Print out every line of the material exactly. Include no pictures.

Available data:
>>

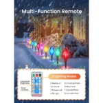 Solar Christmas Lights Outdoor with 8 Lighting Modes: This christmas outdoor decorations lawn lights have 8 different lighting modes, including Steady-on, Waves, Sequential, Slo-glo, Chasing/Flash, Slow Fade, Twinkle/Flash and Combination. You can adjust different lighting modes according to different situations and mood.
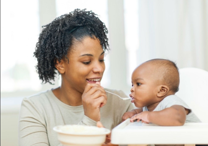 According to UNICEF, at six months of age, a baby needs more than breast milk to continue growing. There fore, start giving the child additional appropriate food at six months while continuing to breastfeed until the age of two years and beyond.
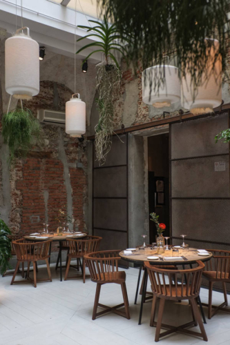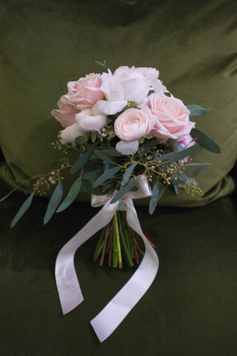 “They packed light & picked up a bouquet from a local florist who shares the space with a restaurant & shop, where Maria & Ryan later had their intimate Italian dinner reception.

<<

Response to this task:
 Solar Christmas Lights Outdoor with 8 Lighting Modes: This christmas outdoor decorations lawn lights have 8 different lighting modes, including Steady-on, Waves, Sequential, Slo-glo, Chasing/Flash, Slow Fade, Twinkle/Flash and Combination. You can adjust different lighting modes according to different situations and mood.
 According to UNICEF, at six months of age, a baby needs more than breast milk to continue growing. There fore, start giving the child additional appropriate food at six months while continuing to breastfeed until the age of two years and beyond.
 “They packed light & picked up a bouquet from a local florist who shares the space with a restaurant & shop, where Maria & Ryan later had their intimate Italian dinner reception.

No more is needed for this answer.